• **About this exercise**
Only one stretch of the data below is needed: the line with "laundry room adds" through the last line. Output it exactly and drop the pictures.
BEGIN
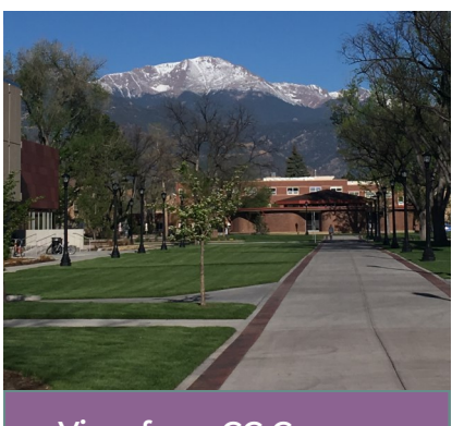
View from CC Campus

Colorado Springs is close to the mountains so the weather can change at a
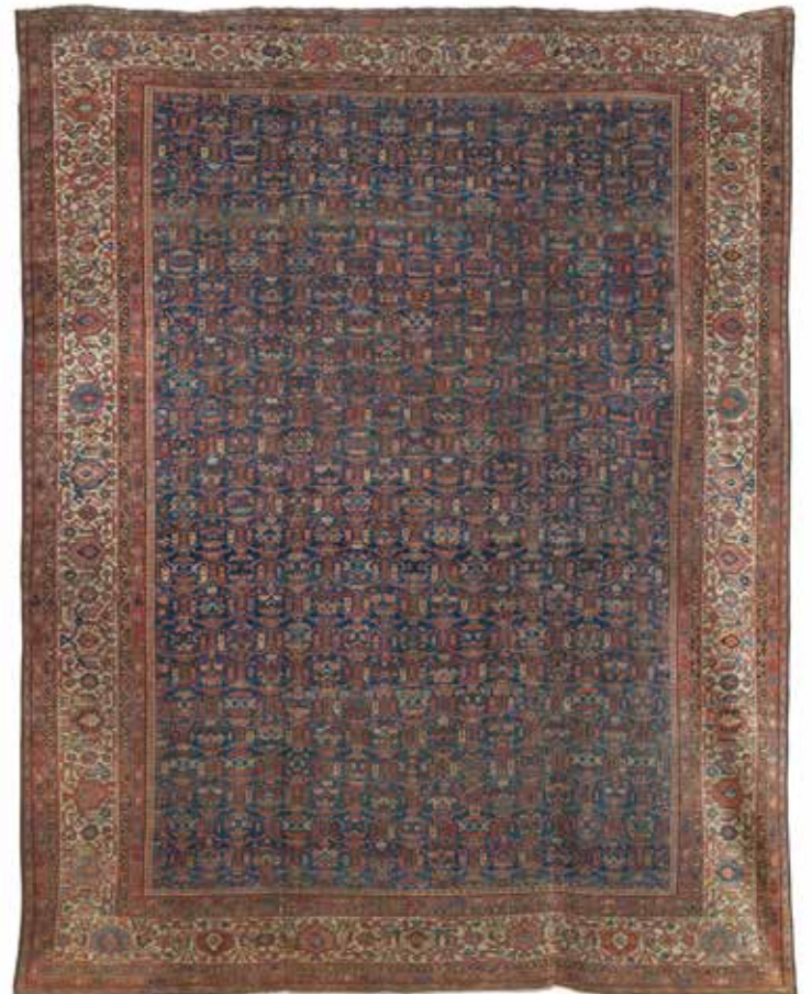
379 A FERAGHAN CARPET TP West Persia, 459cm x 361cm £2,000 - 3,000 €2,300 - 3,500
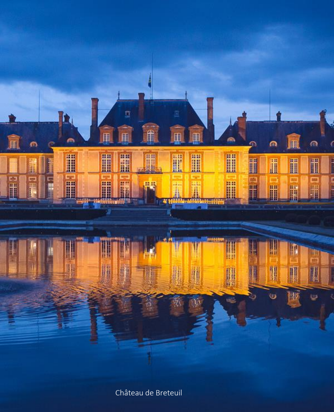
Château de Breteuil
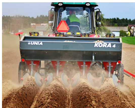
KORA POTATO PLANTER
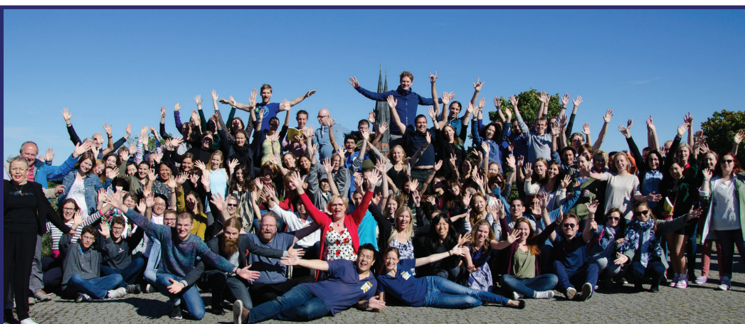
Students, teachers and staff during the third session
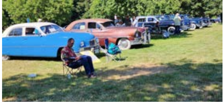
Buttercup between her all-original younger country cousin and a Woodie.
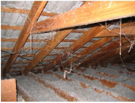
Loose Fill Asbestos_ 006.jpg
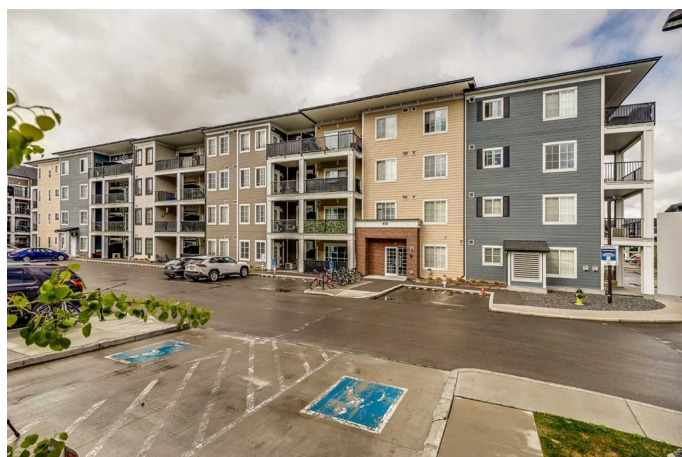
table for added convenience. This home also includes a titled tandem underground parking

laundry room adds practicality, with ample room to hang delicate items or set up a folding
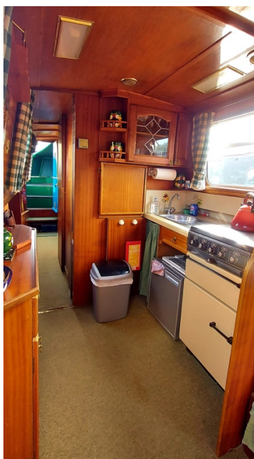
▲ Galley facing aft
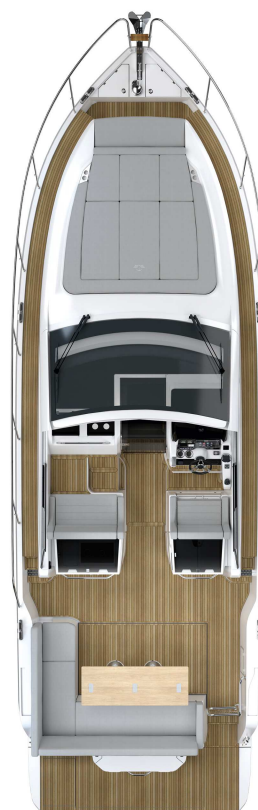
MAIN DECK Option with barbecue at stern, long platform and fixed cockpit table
END
• **Result**
laundry room adds practicality, with ample room to hang delicate items or set up a folding
▲ Galley facing aft
MAIN DECK Option with barbecue at stern, long platform and fixed cockpit table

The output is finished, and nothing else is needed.